Specifically, the government was supposed to be a temporary crutch to aid in the transition from a traditional bourgeoisie/prolateriat system into true communism. But that put an awful lot of trust in just a few people, and somehow, the temporary crutch lasted about 80 years in Russia, the first nation to go communist. The system was supposed to be a retort to capitalism, which Marx saw as the rich getting richer and the poor getting poorer. But the "interim" government in Russia/USSR wasn't much of an improvement on that. The masses were still poor.
Of course, the fact that the Communist Manifesto was intended to be applied in an industrial economy, such as Marx's home country of Germany, and Russia was an agricultrual economy, didn't help matters much.
The reason why Communism is still around in China is because the Chinese government has made a lot of concessions to capitalism. Similarly, the US has made a lot of concessions to socialism (which is what the USSR system actually was... fascism and Naziism were the same way) in the way it operates.

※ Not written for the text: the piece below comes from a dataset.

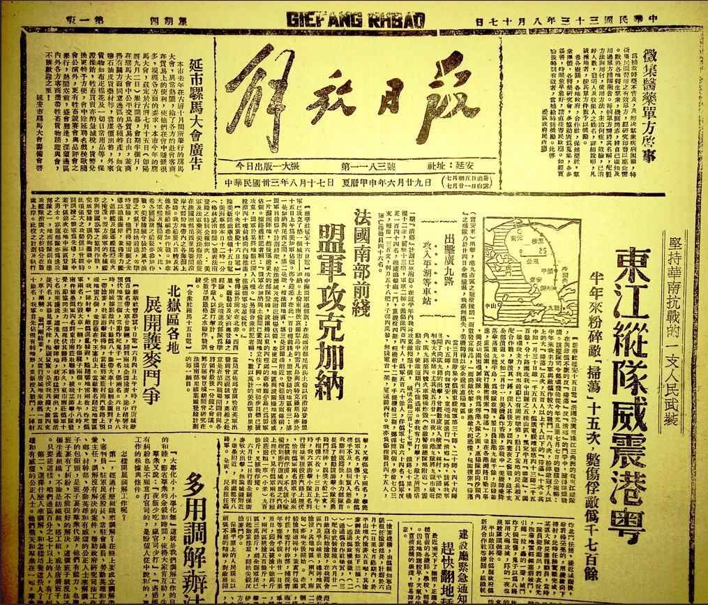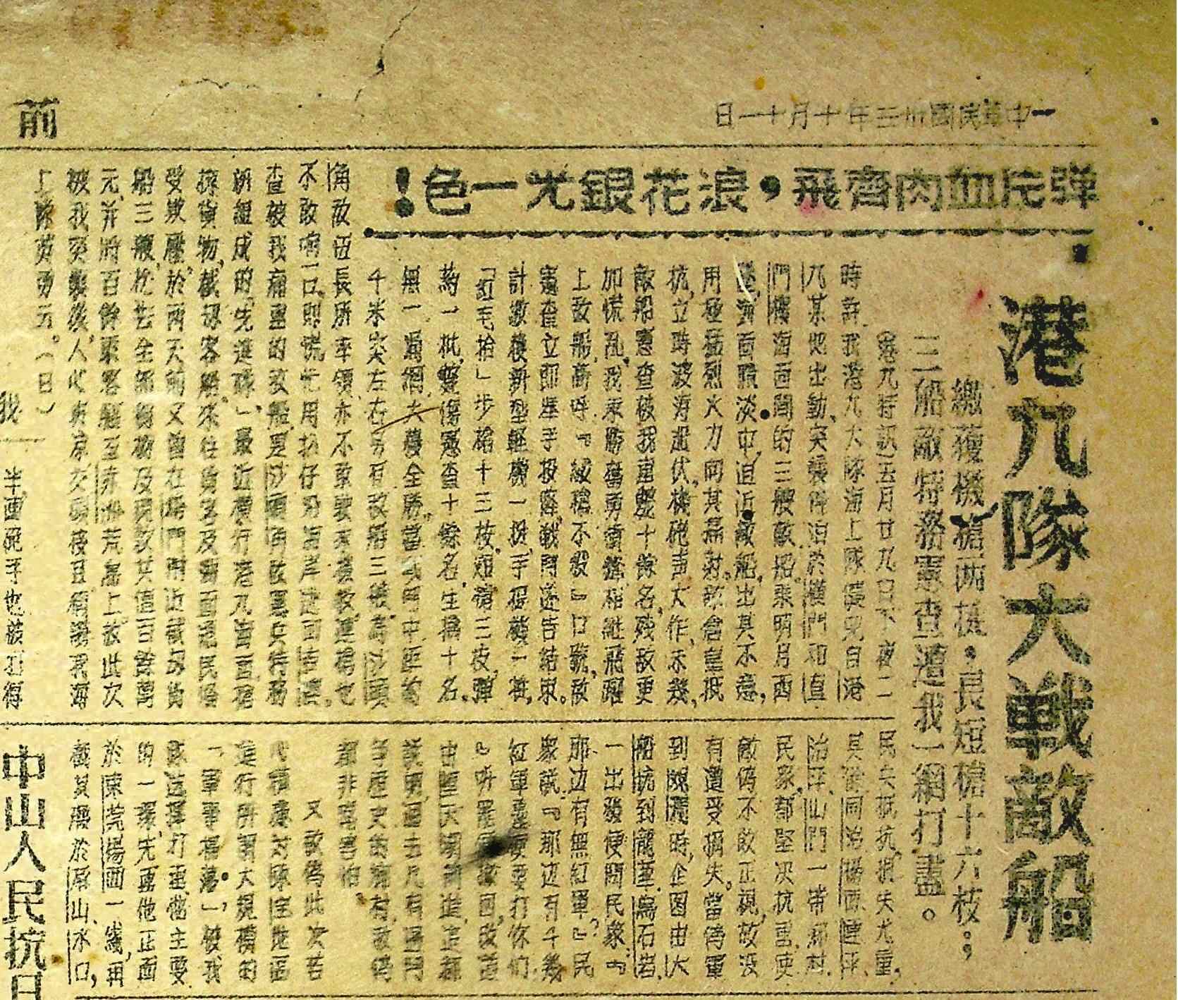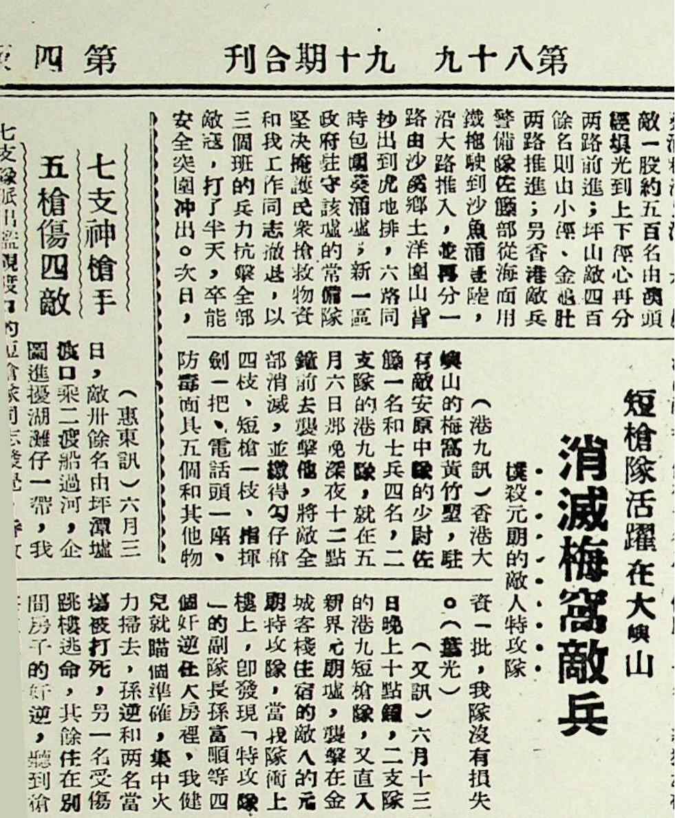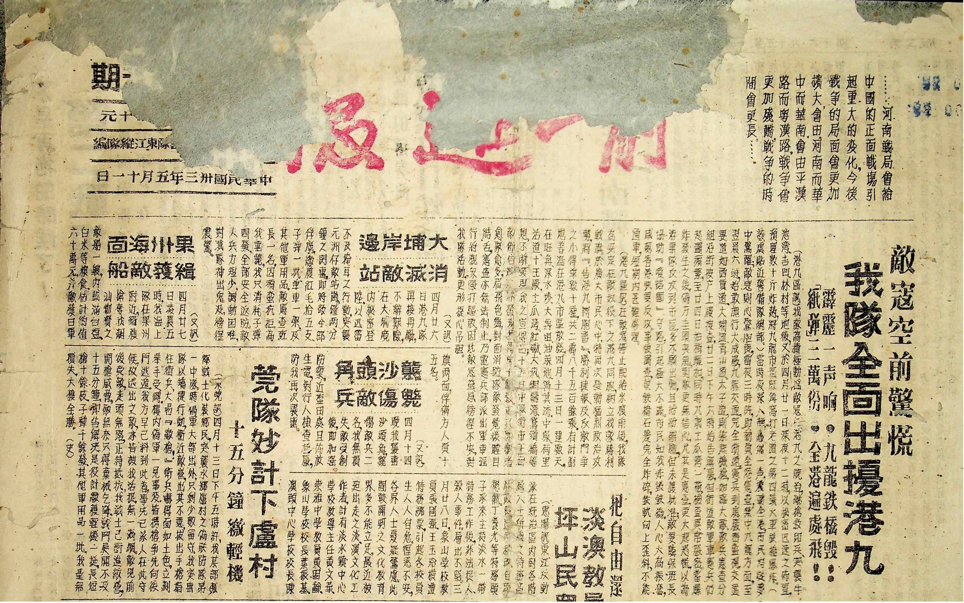 东江纵队是在抗日战争时期,中国共产党在广东东江地区创建和领导的一支人民抗日军队,是开辟华南敌后战场、坚持华南抗战的主力部队之一。广东省档案馆馆藏1944年8月17日《解放日报》的头版《东江纵队威震港粤》,全面报道了东江纵队在港九地区的彪炳战绩:“尤其是五月廿一日夜,我港九队将九龙市破旺角、广九路第四号火车铁桥炸毁(在敌警备总队部附近),震动全市,使敌短期内不能通车”。

In true Communism, everyone owns an equal part of everything, and everyone shares according to need. In true capitalism, the market decides and the strongest survives, much like Darwin's theory of natural selection. The only problem is that both ways' ideals count on humans being basically good. Many are, but it only takes a little bit of greedy scum to ruin the whole thing.
If we had a true capitalist system, there would be no government regulation of business practices. If the working conditions were atrocious, the worker would have to grin and bear it or find a job elsewhere. If one company was able to force all its competitiors out of business, then tough shit. There would be no antitrust suits against Microsoft, for example. Under true Capitalism, Netscape shouldn't have stayed stuck on 4.7 for so long; it's not Microsoft's problem that they released two or three new versions of their IE software in the time between Netscape 4.7 and Netscape 5 (which was so long in coming that they just skipped 5 and called it Netscape 6).
So that's a basic rundown of capitalism and communism.